ARRÊT : Réputé contradictoire, prononcé par Monsieur Bernard CUNIN, Président, à l’audience publique du 09 Novembre 2011, conformément à l’article 452 du Code de Procédure Civile ;
signé par Monsieur Bernard CUNIN, Président, et par Madame Caroline HUSSON, greffier présent lors du prononcé ;
Copie exécutoire délivrée le à
Copie délivrée le à
EXPOSE DU LITIGE
La société Fleurs et Tendances, qui exploitait un fonds de commerce de vente de fleurs au détail à Nancy, Passage Bleu, a décidé d’ouvrir un autre fonds à Vand’uvre les Nancy, 8 G H.
Elle a ouvert en mai 2006 auprès de la Caisse d’Epargne Z Champagne un compte professionnel assorti d’une facilité de caisse de 5.000 euros.
Un chèque d’un montant de 58.250 euros a été déposé le 18 octobre 2006, mais est revenu impayé. Le compte de la société Fleurs et Tendances a alors présenté un solde débiteur qui s’est élevé au 31 août 2007 à la somme de 67.794,87 euros. Cette société a fait des offres de règlement qui n’ont pas été suivies d’effet.
La Caisse d’Epargne a alors dénoncé, par lettre du 23 octobre 2007 les autorisations de découvert et de concours financiers qu’elle lui avait consentis et a fait inscrire le 4 janvier 2008 un nantissement sur le fonds de commerce de Nancy.

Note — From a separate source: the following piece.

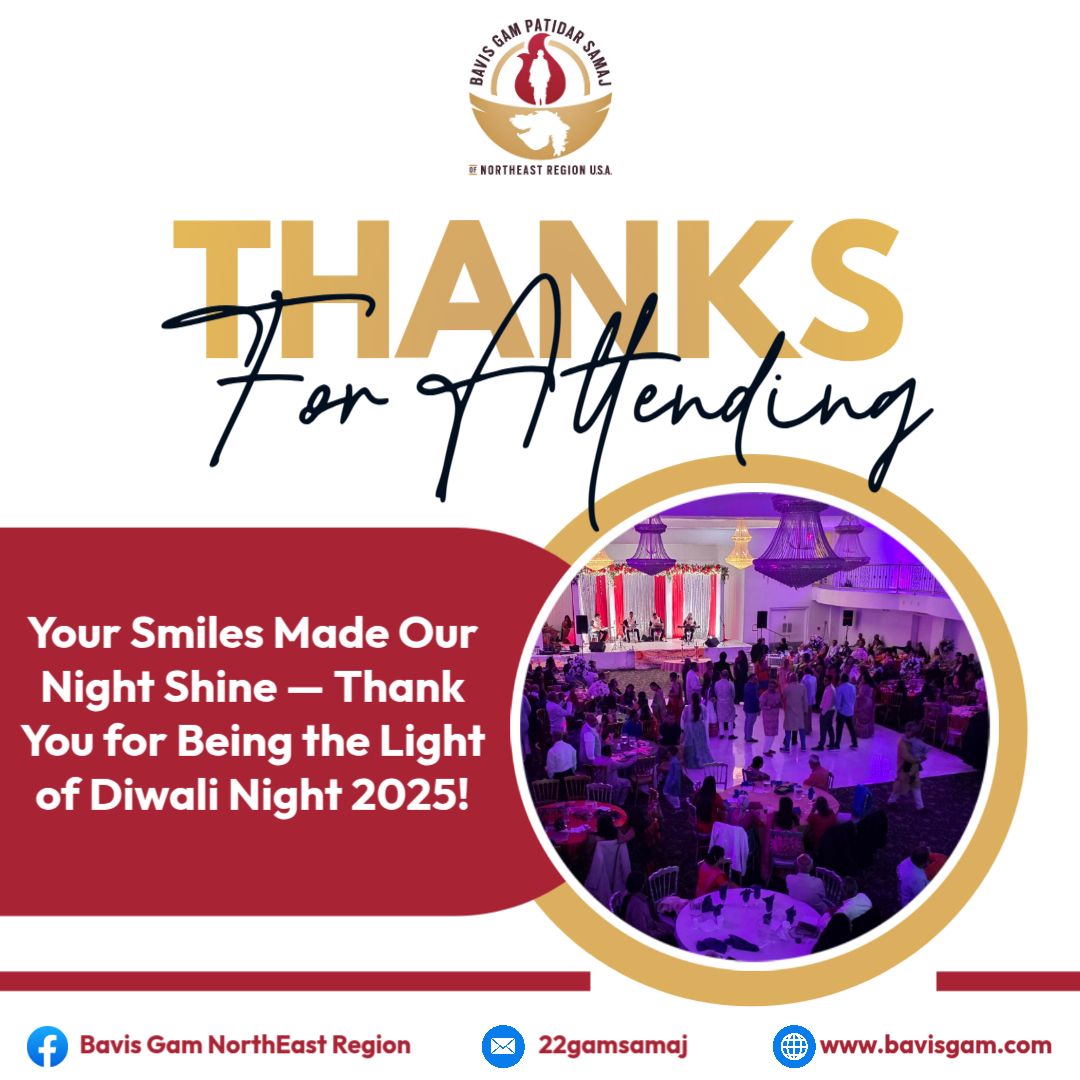 Shree Bavis Gam Patidar Samaj (USA) (Samaj) is a social cultural organization with its roots in India and comprising of 22 Gams (villages). Samaj means a Society and Shree Bavis Gam Patidar Samaj (USA) (Samaj) originally comprising of just nine Gams was formed in 1902 and the current set up (less few Gams) was formed in 1930. The formation of such Samaji's are equivalent to today's networking groups.

Elle a alors appris que la société Fleurs et Tendances avait transféré le 6 novembre 2007 son siège social à Nancy, XXX, et que les deux fonds de commerce avaient été cédés, celui de Vand’uvre à une société BBE et celui de Nancy à une société MS, sans que les publicités légales n’aient été effectuées.
Elle a fait assigner les sociétés Fleurs et Tendances, BBE et MS pour obtenir leur condamnation à lui payer la somme de 67.794,87 euros avec intérêts au taux conventionnel à compter du 23 octobre 2007.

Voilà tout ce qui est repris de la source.